I have been to two Tracy's schools and one left me feeling exactly the way you did and the other offered me personal training sessions (1 per week 1 - 1 1/2 hrs long)  at $20  per session (scheduled ahead of time) and attend any group lessons I wanted to for free....  Unfortunaltely he had to close the school and move out of town due to some personal family issues.....  That feel just has to be right....never liked the word chemistry, but it does have to give you that "feeling" to make you want to stay.... :asian:


----------



## DeLamar.J (Jul 29, 2004)

cinciman said:
			
		

> I'm not trying to put the Tracy school down in any way, so please don't think I'm doing so.  I went in one Saturday and was offered a free lesson and thought I liked it, so I signed up and paid for one month.  To be honest, I didn't care too much for the personal sessions which were only 2 a month, if my memory serves me correctly.  After I found that out, I was kinda turned off.  I didn't feel that a couple personal training sessions each month was enough.  Maybe for some people, but not me.  I like "group" instruction with the instructor showing techniques and then the students practice through sparring with each other.  Tracy's school had class sessions throughout the week, but they were not what I expected a class session to be.  The class training sessions were led by a black belt student which stood up in front of the class going through many, many different Kata's from each belt.  On my first night, I was totally lost.  The student instructor did come back and show me what I was doing wrong which was nice.  The class sessions were really boring and intimidating especially for a first timer such as myself.  I would think the school would split off into different belt groups and work "in that groups belt range", or pair off into partners and work through sparring instruction, but that's not how it was at this particular school.  I guess the 2 personal sessions with the sensei each month was supposed to fulfill all the "personlization" requirments.....I dunno.  There was no sort of sparring at all.  And, from what I understood, this particular school didn't spar which bothered me.  I can't understand how a martial artist can "not spar" and be ready for the "real thing" out on the street.  Maybe I just didn't give this particular school enough of a chance or Tracy's Karate for that matter which could partly be my fault.  But, I just didn't feel like this school was for me--no chemistry.  Mostly, my dis-interest came from non sparring though.
> 
> The sensei/head instructor is Al Tracy's son, here in Cincinnati.  He was a really nice guy, but seemed a little too easy going for my taste.  Don't get me wrong, I don't wanna be beat on, but I want an instructor that is just a little intimdating while calming at the same time, if anyone knows what I mean.  Again, I in no way mean to say anything bad about the Tracy Karate system.  I just didn't think it was for me.  I paid for one month only to never return.  I found this JKD school here in Cinci and absolutely love the way they teach or just the JKD concepts, PERIOD.  The school teaches exactly how I want to be taught.  I knew this from the moment I walked into the door.....strange.  I now hope I can stay here in Cinci long enough to enjoy the school.

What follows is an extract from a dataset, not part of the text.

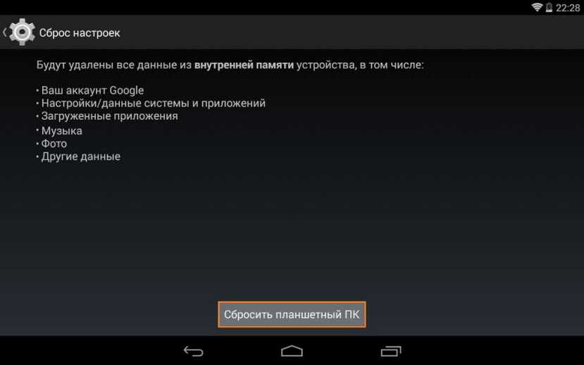 Если описываемые выше последовательности действий не принесли желаемого результата, то выход один – сбрасывание к заводским параметрам. Но тогда вся введённая выше информация будет уничтожена. По этой причине при необходимости сохранения данных нужно обратиться к мастерам. Ниже описана последовательность сброса к заводским параметрам. Она подойдёт для планшетов любой модели.

HAHA, I wouldnt be surprised if your talking to tracy right now.


----------



## Flatlander (Jul 29, 2004)

what do you mean Delamar?


----------



## DeLamar.J (Jul 30, 2004)

flatlander said:
			
		

> what do you mean Delamar?


Just that you never know who you are talking to over the net, that could be tracy herself asking what he didnt like about her school. I dont know why that poped into my head, probly because she is from WV and tracys school is in OH. You just never know. Im just waiting for my instructor to spark up a conversation with me about something he read, that I posted on the net.


----------